Probability Theory 30 | Strong Law of Large Numbers
Based on The Bright Side of Mathematics's video on YouTube. If you like this content, support the original creators by watching, liking and subscribing to their content.
The weak law of large numbers gives convergence in probability: P(|X̄_n − μ| ≥ ε) → 0 for every ε > 0.
Briefing
The strong law of large numbers upgrades the usual “average settles down” message by guaranteeing point-by-point convergence of sample averages—not just that large deviations become unlikely. For independent, identically distributed (IID) random variables with a finite expected value, the running average converges to the common mean almost surely, meaning it happens for all outcomes except a probability-zero set. This matters because it matches how repeated random experiments behave when the underlying outcome ω is fixed: the long-run average should stabilize for almost every ω, not merely for most ω in aggregate.
The starting point is the weak law of large numbers, which uses convergence in probability. Under the weak law, for any ε > 0, the probability that the sample average differs from the mean by at least ε goes to zero as the number of samples n grows. Formally, that means the probability measure of the set of outcomes where |X̄_n(ω) − μ| ≥ ε shrinks to nothing as n → ∞. But this framework doesn’t guarantee what happens at a specific ω over time. A fixed ω can still exhibit “bad” behavior at infinitely many n values—even if the set of ω that are bad at a given n becomes small—so the weak law alone can’t rule out persistent outliers across different sample sizes.
The strong law addresses that gap by switching from probability-based statements about sets of outcomes to an almost sure statement about the limit itself. With an IID sequence (X_k) and an integrability condition (the expectation of |X_k| is finite, so the mean exists), the sample average X̄_n(ω) converges to μ as n → ∞ for almost every ω. “Almost surely” is made precise by probability: the set of outcomes where convergence fails has probability exactly one complement, i.e., probability zero. So while exceptions are logically possible, they are confined to a null set.
A key relationship links the two laws: almost sure convergence is stronger than convergence in probability. Consequently, once the strong law holds under the stated IID and integrability assumptions, the weak law follows automatically. That’s why the strong law is often treated as the more informative result: it delivers the stabilization of averages for essentially every realized sequence of outcomes, not just in the sense of shrinking deviation probabilities.
Finally, the discussion notes that the assumptions can be adjusted in other formulations of the strong law, but the common practical version remains centered on IID random variables with finite expectation. Under those conditions, both the strong and weak law of large numbers are available together, providing a robust foundation for why averages of random quantities become reliable in the long run. The next step is to move toward limit theorems beyond the law of large numbers.
Cornell Notes
For IID random variables with a finite mean μ, the sample average X̄_n converges to μ as n → ∞ in an almost sure sense. “Almost surely” means the set of outcomes ω where convergence fails has probability 0, so the stabilization happens for essentially every realized sequence. This is stronger than the weak law, which only guarantees convergence in probability: for any ε > 0, the probability that |X̄_n − μ| ≥ ε goes to 0 as n grows. Because almost sure convergence implies convergence in probability, the strong law automatically yields the weak law under the same IID and integrability assumptions. The distinction matters because the weak law alone doesn’t rule out infinitely many “bad” sample sizes along a fixed ω.
What exactly does the weak law guarantee, and what does it fail to guarantee for a fixed outcome ω?
How does the strong law strengthen the conclusion?
What assumptions are used for the strong law in this presentation?
Why does proving almost sure convergence automatically give convergence in probability?
What does “almost surely” mean in terms of probability measure?
Review Questions
- In what sense does convergence in probability differ from almost sure convergence for the sequence of sample averages X̄_n(ω)?

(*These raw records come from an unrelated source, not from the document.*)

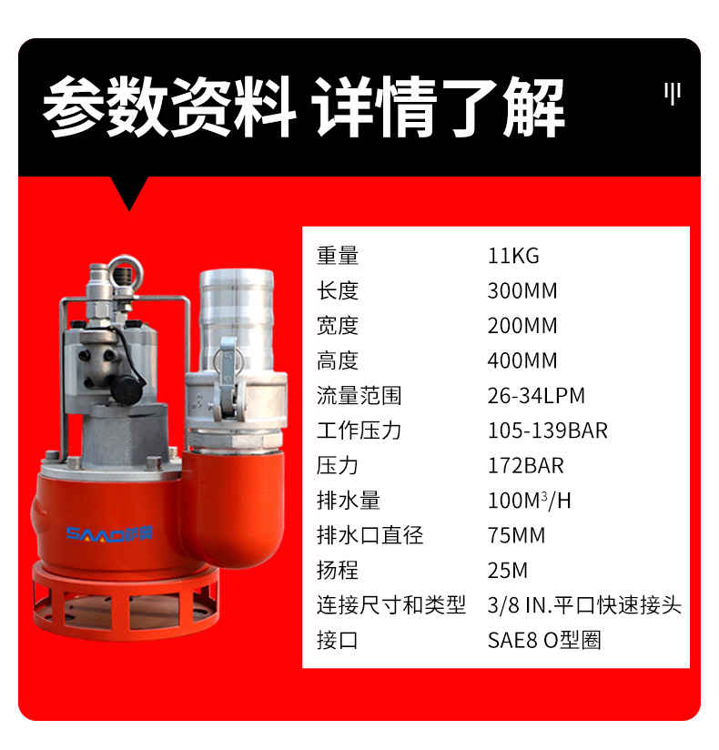 薩奧液壓渣漿泵輕質、緊湊和高效,液壓渣漿泵的用途非常廣泛,包括在建筑工地、水淹沒的開挖地和地下室連續泵送清水或污水、城市洪澇等。 這種泵以具有特殊驅動軸、油封和軸承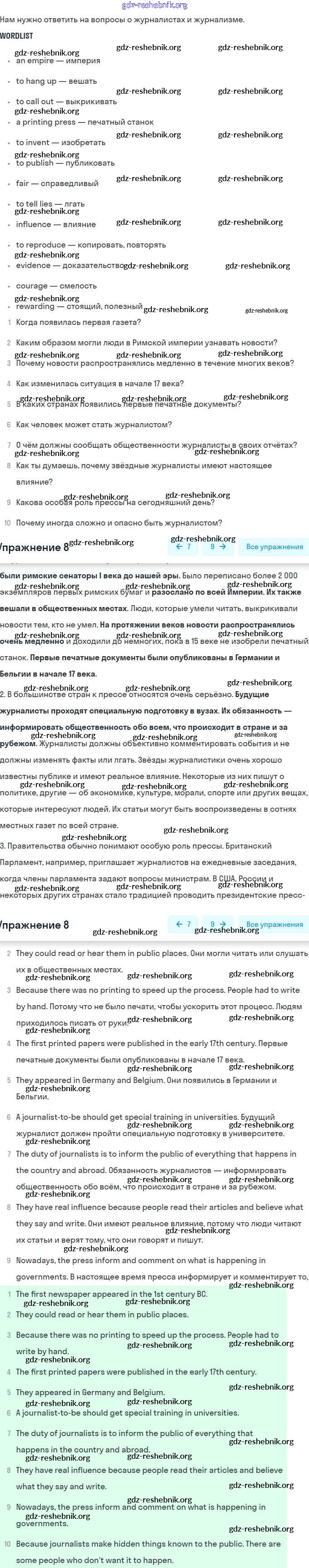 ГДЗ решебники Учебник по Английскому языку 9 класс Афанасьева, Михеева Rainbow Часть 1, 2 - Step 7 8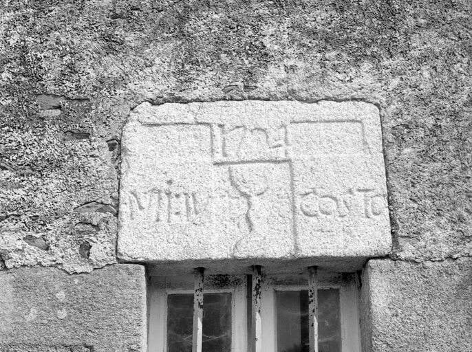 La Ville Buo, maison de prêtre, date et inscription sur le linteau : 1724 / MI : IV [un calice] COSTEImmatriculation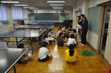 今日の活動の確認をしたあと、ダブルスの練習開始です。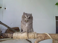 So, in order to keep our contact with the owlet to a minimum and keep this baby thinking it is a bird, we have pulled our adult female eastern screech owl off exhibit to act as a foster mom to the owlet. Our hope is that the female will adopt the owlet and teach him the ways of the owl world so we are able to release him once he is old enough.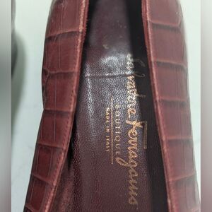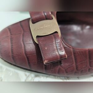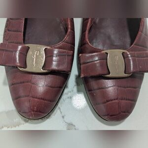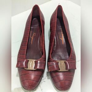 Salvatore Ferragamo Vara Bow Croc Leather Burgundy/Wine Shows Pumps Size 10B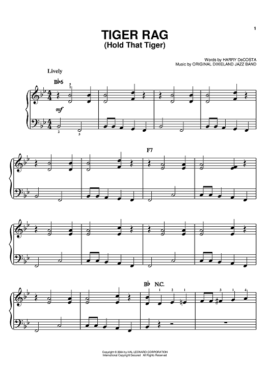 Digital Sheet Music for Tiger Rag (Hold That Tiger) by Harry DeCosta, Original Dixieland Jazz Band scored for Easy Piano; id:373879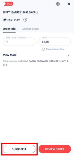 - Once you click on the sell option, fill in the rest of the details i.e. the number of lots and the rate at which you want to sell the contract. Once you fill In all the required details you can click on quick sell and execute the order.
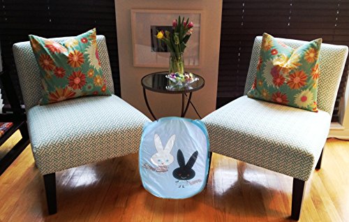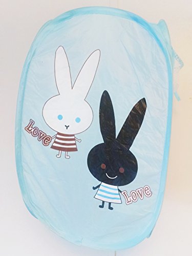 Pop-Up Foldable Nylon Baby Blue Bunny Love Design Storage Chores Laundry Hamper Basket with Handles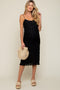 A satin solid hue midi dress with long puff sleeves, smocked accents at the shoulder, a wrap v-neckline with a snap button closure, and an elastic waist.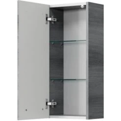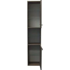 Hinter der Tür mit schwarzem Metallgriff verbirgt sich viel Stauraum, wo all Ihre Badartikel und Kosmetikutensilien Ihren Platz finden. Der Hochschrank verfügt über ein Soft-Close-System, welches ein einfaches und geräuschloses Schließen der Tür ermöglicht. Die höhenregulierbaren Glaseinlegeböden haben eine große Ablagefläche.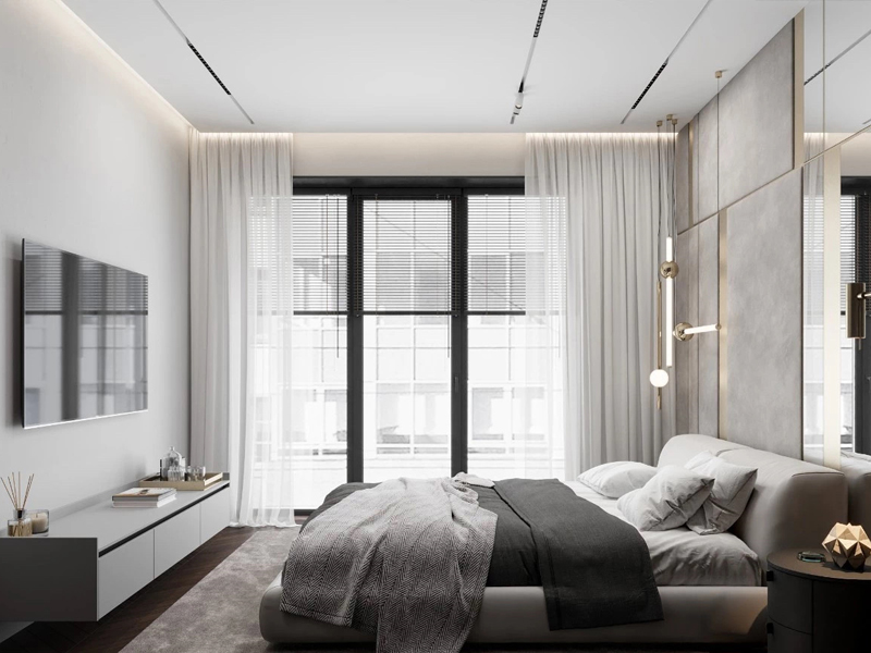 1、通風:保持干凈清新的空氣,有助于提高睡眠質量。臥室裝潢時要注意室內的通風效果,只有保證了室內良好的通風,才可以創造出舒適的休息空間。因此,在設計臥室門窗的時候,最好門窗有相對的設計,有助于保持室內的空氣流暢。可以花些心思在窗戶的安裝上。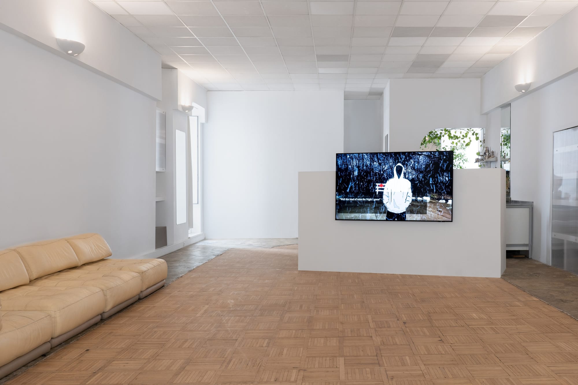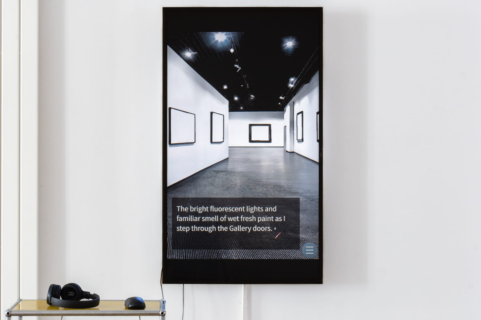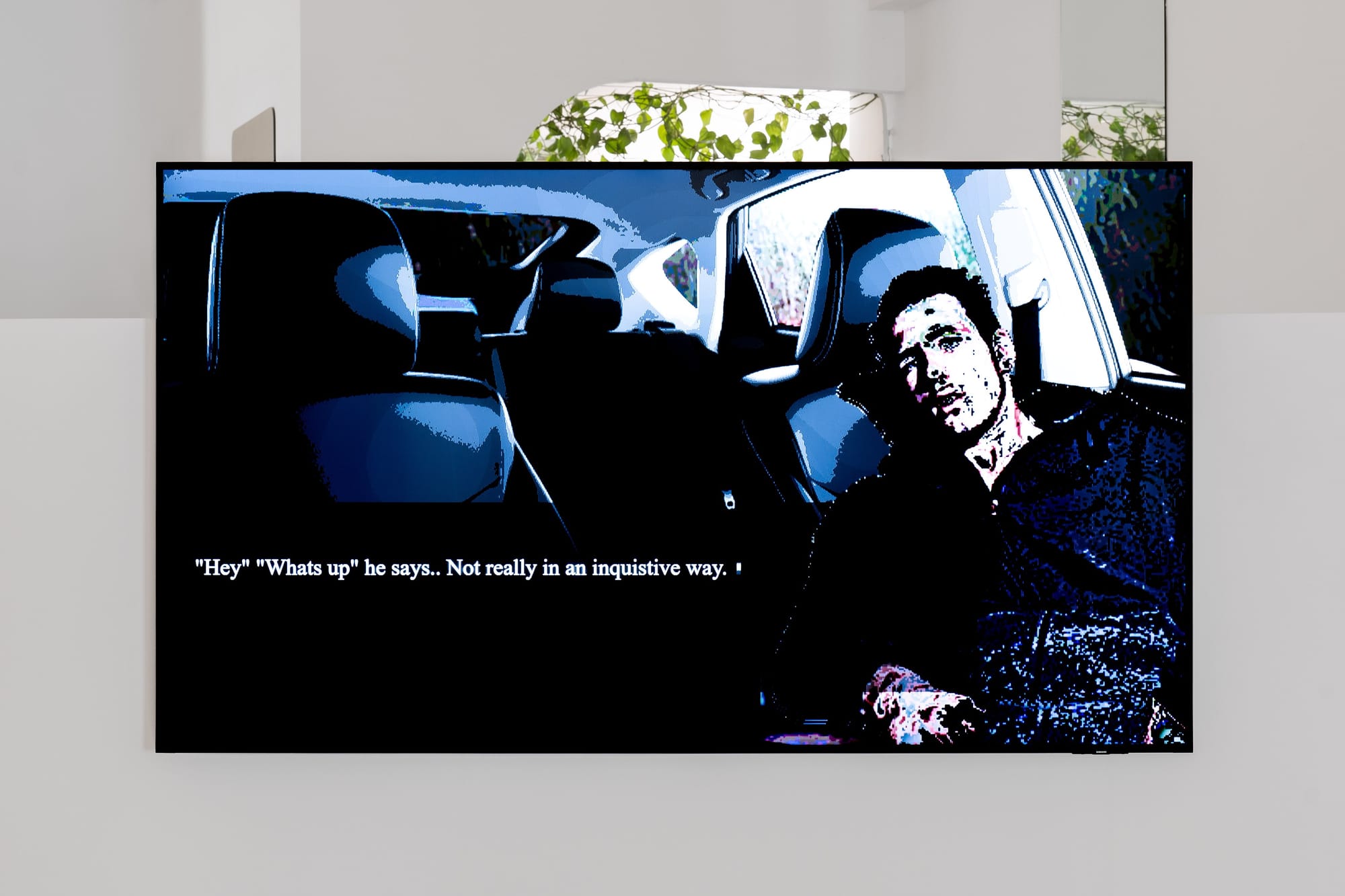 In the gallery, a single luminous screen interrupts an otherwise spare room. The monitor shows digital tableaux that oscillate between cartoon and noir: cropped avatars, shallow spaces, flattened textures, dialogue lines subtitling the image. Instead of the sensory overload associated with mainstream videogames, the pacing is stubbornly methodical. You sit, read, decide, click. The interface is simple, almost ascetic, which makes every small decision – accept, refuse, confess, look away – feel pointed.

- Why can the weak law still allow infinitely many deviations along a fixed ω, even though P(|X̄_n − μ| ≥ ε) → 0?
- Under what conditions on an IID sequence does the strong law guarantee X̄_n(ω) → μ almost surely?
Key Points
- 1
The weak law of large numbers gives convergence in probability: P(|X̄_n − μ| ≥ ε) → 0 for every ε > 0.
- 2
Convergence in probability does not ensure that a fixed outcome ω eventually stays within any ε-neighborhood of μ.
- 3
The strong law of large numbers gives pointwise stabilization: X̄_n(ω) → μ as n → ∞ for almost every ω.
- 4
“Almost surely” means the set of outcomes where convergence fails has probability 0 (probability one for the good set).
- 5
For IID random variables with finite expectation (integrability), the strong law holds and therefore the weak law follows automatically.
- 6
Almost sure convergence is strictly stronger than convergence in probability, which is why the strong law implies the weak law.